● **Data block**
--- START ---
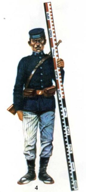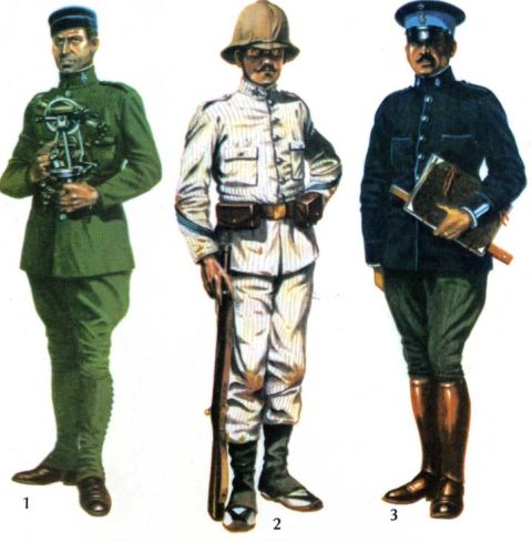 El de campaña, igual al descrito, se añadían un cinturón de cuero, color avellana, con palín negro para el machete, cartucheras, mochila morral y revólver reglamentario. Estos uniformes se completaban con un sombrero de fieltro gris de ala ancha con escarapela de los colores nacionales con presilla azul celeste y estrella blanca. Para invierno tenía un capote de los llamados de monte con cuello vuelto azul celeste y cerrado por cinco botones y una correa bandolera avellana. Los obreros de 2ª auxiliares topógrafos (soldados), usaban en lugar de revólver el mosquetón modelo 1871.
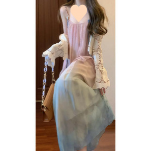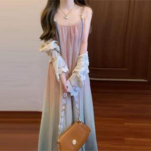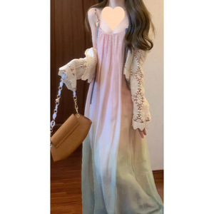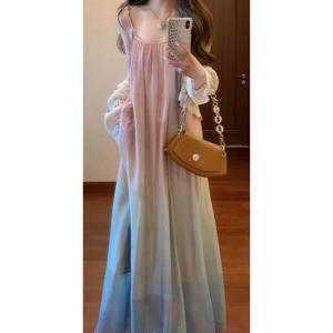 2025年初夏の服装、ニッチで衝突しないドレス、優しいスタイル、見栄えの良い、ユニークで美しいサスペンダービーチロングドレス
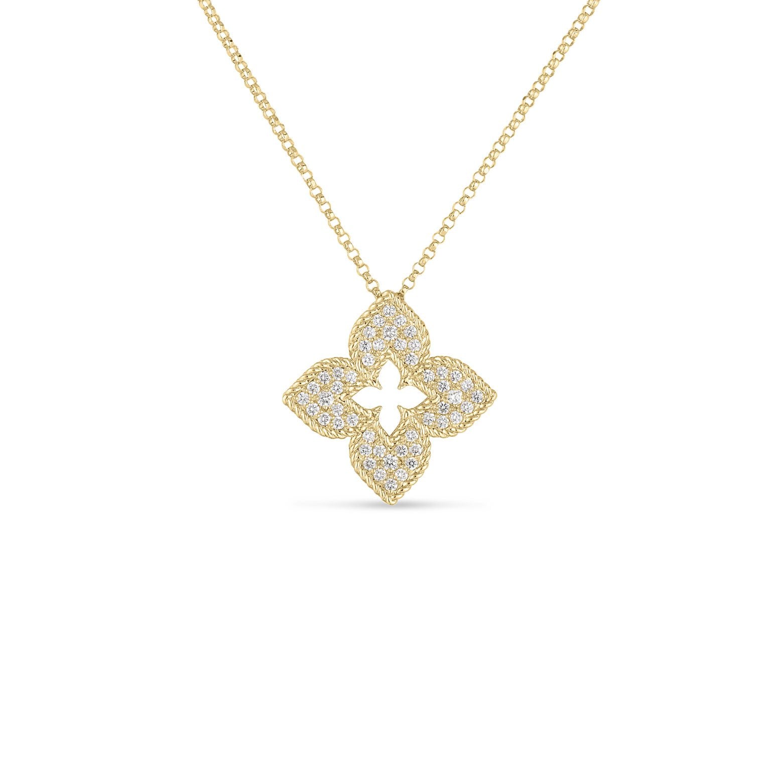 Jasmine 0.06ct Diamond and Mother of Pearl Flower Pendant on Chain in 18K Yellow Gold, 18"
--- END ---
● **What needs to be done**
Write the data above out again exactly, minus its pictures.

● **Answer for this exercise**
 El de campaña, igual al descrito, se añadían un cinturón de cuero, color avellana, con palín negro para el machete, cartucheras, mochila morral y revólver reglamentario. Estos uniformes se completaban con un sombrero de fieltro gris de ala ancha con escarapela de los colores nacionales con presilla azul celeste y estrella blanca. Para invierno tenía un capote de los llamados de monte con cuello vuelto azul celeste y cerrado por cinco botones y una correa bandolera avellana. Los obreros de 2ª auxiliares topógrafos (soldados), usaban en lugar de revólver el mosquetón modelo 1871.
 2025年初夏の服装、ニッチで衝突しないドレス、優しいスタイル、見栄えの良い、ユニークで美しいサスペンダービーチロングドレス
 Jasmine 0.06ct Diamond and Mother of Pearl Flower Pendant on Chain in 18K Yellow Gold, 18"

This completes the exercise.